Therapeutic tactics depend on the type of motor dysfunction. Drug therapy is usually prescribed, supplemented by diet and lifestyle adjustments. The course of the disease is favorably affected by frequent small meals, normalizing weight, quitting smoking, dosed physical activity, and eliminating stressful situations. Taking into account the characteristics of contractile dysfunction, the following are recommended:

  • With hypermotor dyskinesia. To reduce the tone of the muscle wall, myotropic antispasmodics and choleretic agents with a selective antispasmodic effect in relation to the bile ducts and sphincter of Oddi are used. Products that stimulate muscle contraction are excluded from the diet: spicy and fatty foods, extractive substances, alcohol.
  • With hypomotor dyskinesia. The use of prokinetics, cholekinetics, natural and synthetic choleretics is indicated. To improve the flow of bile, weak protein broths, fermented milk products, eggs, and vegetable oils are introduced into the diet. To prevent constipation, increase the amount of vegetables and other dishes that stimulate intestinal motility.

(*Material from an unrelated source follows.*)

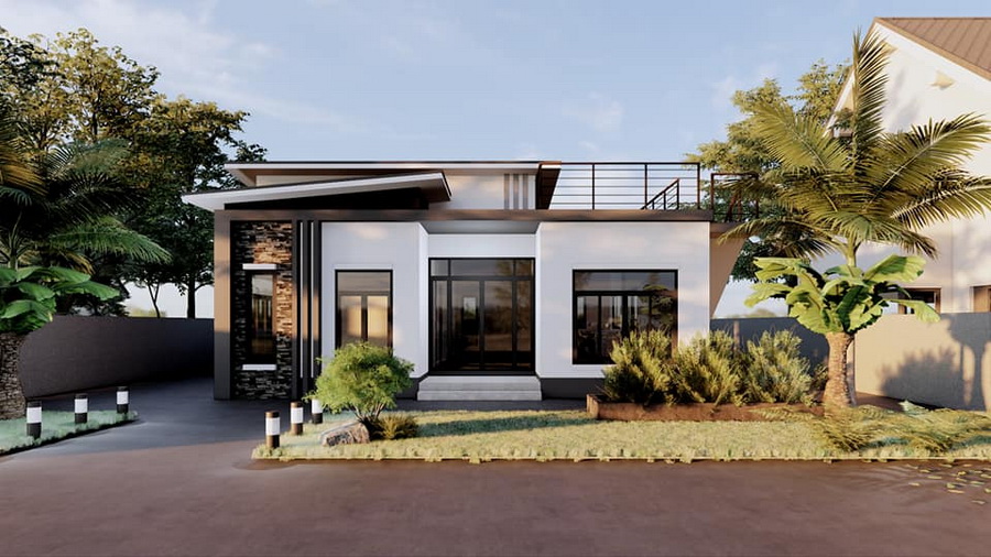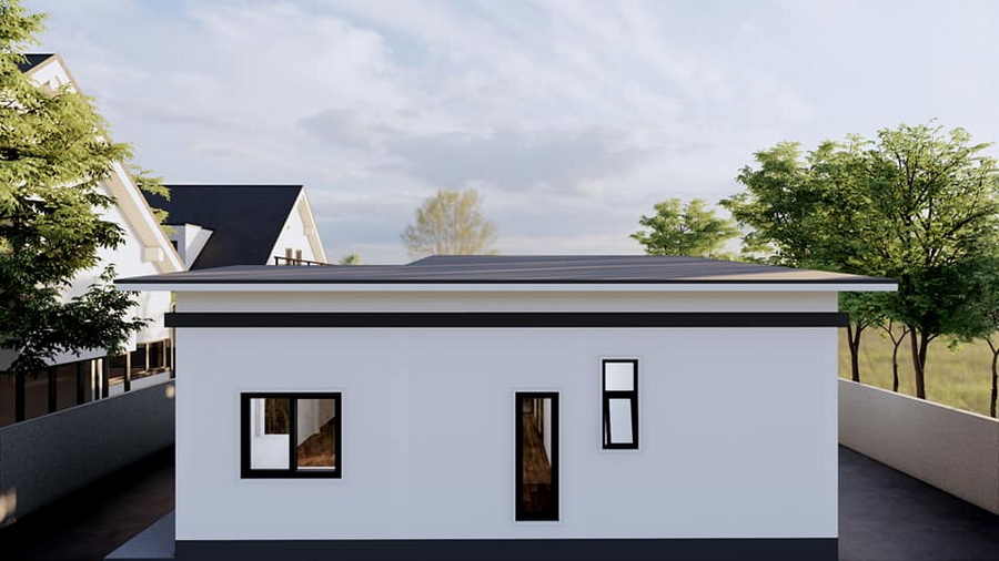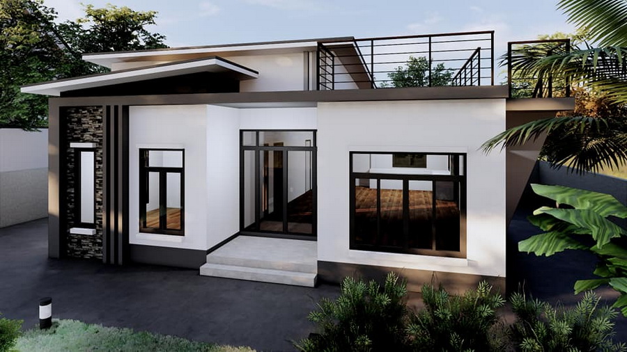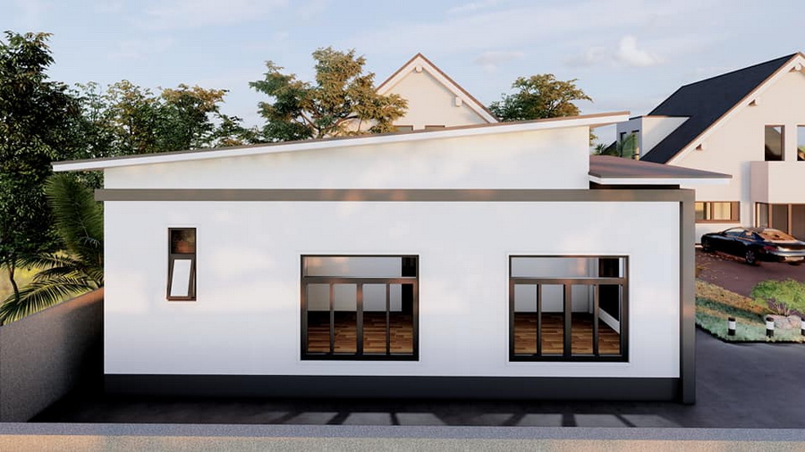 บ้านหลังนี้เป็นบ้านชั้นเดียวที่ออกแบบดีไซน์อย่างเรียบง่ายในสไตล์โมเดิร์น งานหลังคาบ้านออกแบบในลักษณะที่ลาดเอียง จึงเข้ากันดีกับตัวบ้าน ด้านการตกแต่งนั้น ผนังภายนอกเลือกใช้โทนสีขาวเป็นหลัก แซมด้วยโทนสีดำเพื่อเพิ่มความน่าสนใจให้บ้าน

In the presence of an inflammatory process, non-steroidal anti-inflammatory drugs are additionally used. To relieve severe visceral hyperalgesia, tricyclic antidepressants are used in small dosages. Patients with secondary forms of gall bladder dysfunction undergo etiopathogenetic treatment of the underlying disease according to recommended protocols. Pharmacotherapy is combined with physiotherapeutic techniques (prolonged tubing, electrical stimulation, pulsed magnetotherapy), spa treatment (mineral water intake, peloid therapy). Cholecystectomy is performed in exceptional cases with intense pain and complicated dyskinesia.

Prognosis and prevention

Since complex treatment usually achieves stable remission, the prognosis is considered favorable. Complications arise in case of late diagnosis of the disease or if the patient has severe intercurrent pathology. To prevent dyskinesia, it is recommended to identify and eliminate diseases that interfere with the flow of bile, maintain a healthy lifestyle (following the principles of a balanced diet, doing physical exercise, avoiding stress), and maintaining normal body weight. Taking into account the high effectiveness of timely therapy, when the first signs of pathology appear, it is necessary to consult a doctor as soon as possible.